In one embodiment, the moisture curing catalyst useful for facilitating the moisture curing of the silicone compositions is selected from but is not limited to dibutyltin dilaurate, dimethyldineodecanoatetin, dioctyltin didecylmercaptide, bis(neodecanoyloxy)dioctylstannane, dimethylbis(oleoyloxy)stannane, dibutyltindiacetate, dibutyltindimethoxide, tinoctoate, isobutyltintriceroate, dibutyltinoxide, solubilized dibutyl tin oxide, dibutyltin bisdiisooctylphthalate, bis-tripropoxysilyl dioctyltin, dibutyltin bis-acetylacetone, silylated dibutyltin dioxide, carbomethoxyphenyl tin tris-uberate, isobutyltin triceroate, dimethyltin dibutyrate, dimethyltin di-neodecanoate, triethyltin tartarate, dibutyltin dibenzoate, tin oleate, tin naphthenate, butyltintri-2-ethylhexylhexoate, tinbutyrate, d-ioctyltin d-idecylm ercaptide, bis(neodecanoyloxy)d-ioctylstannane, or dimethylbis(oleoyloxy)stannane. In one preferred embodiment, the moisture curing catalyst is selected from a group of dimethyldineodecanoatetin (available from Momentive Performance Materials Inc. under the trade name of FOMREZ UL-28, dioctyltin didecylmercaptide (available from Momentive Performance Materials Inc. under the trade name of FOMREZ UL-32), bis(neodecanoyloxy)dioctylstannane (available from Momentive Performance Materials Inc. under the trade name of FOMREZ UL-38), dimethylbis(oleoyloxy)stannane (available from Momentive Performance Materials Inc. under the trade name of FOMREZ UL-50), and combination thereof. More preferably, the moisture curing catalyst is dimethyldineodecanoatetin. In the moisture compositions according to the present invention, the moisture curing catalyst is present in an amount from 0.1 to 5% by weight, based on the total weight of the compositions.
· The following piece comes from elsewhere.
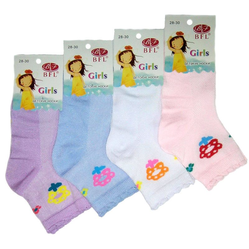 Носки на девочек выполнены из хлопка с добавлением эластана. Подошва гладкая, верх в сеточку, на паголенке рисунок, резинка двойная и ажурная.

Environmental regulatory agencies and directives, however, have increased or are expected to increase restrictions on the use of organotin compounds in formulated products. For example, compositions with greater than 0.5 wt. % dibutyltin presently require labeling as toxic with reproductive IB classification. Dibutyltin containing compositions are proposed to be completely phased out in consumer applications during the next three to five years. The use of alternative organotin compounds such as dioctyltin compounds and dimethyltin compounds can only be considered as a short-term remedial plan, as these organotin compounds may also be regulated in the future. It would be beneficial to identify non-tin-based compounds that accelerate the condensation curing of moisture-curable silicone compositions. Examples of non-toxic substitutes for organotin catalysts include titanium isopropoxide, zirconium octanoate, iron octanoate, zinc octanoate, cobalt naphthenate, tetrapropyltitanate, tetrabutyltitanate, and the like. Other non-toxic substitutes for organotin catalysts are based on amino acid compounds. Examples of amino acid catalysts where the amino acid compound is an N-substituted amino acid comprising at least one group other than hydrogen attached to the N-terminus. In another embodiment, the present invention may include curable compositions employing an amino acid compound as a condensation accelerator where the amino acid compound is an O-substituted amino acid comprising a group other than hydrogen attached to the 0-terminus. Other suitable amine catalysts include, for example, amino-functional silanes. The non-toxic moisture cure catalyst is employed in an amount sufficient to effectuate moisture-cure, which generally is from about 0.05% to about 5.00% by weight, and advantageously from about 0.5% to about 2.5% by weight.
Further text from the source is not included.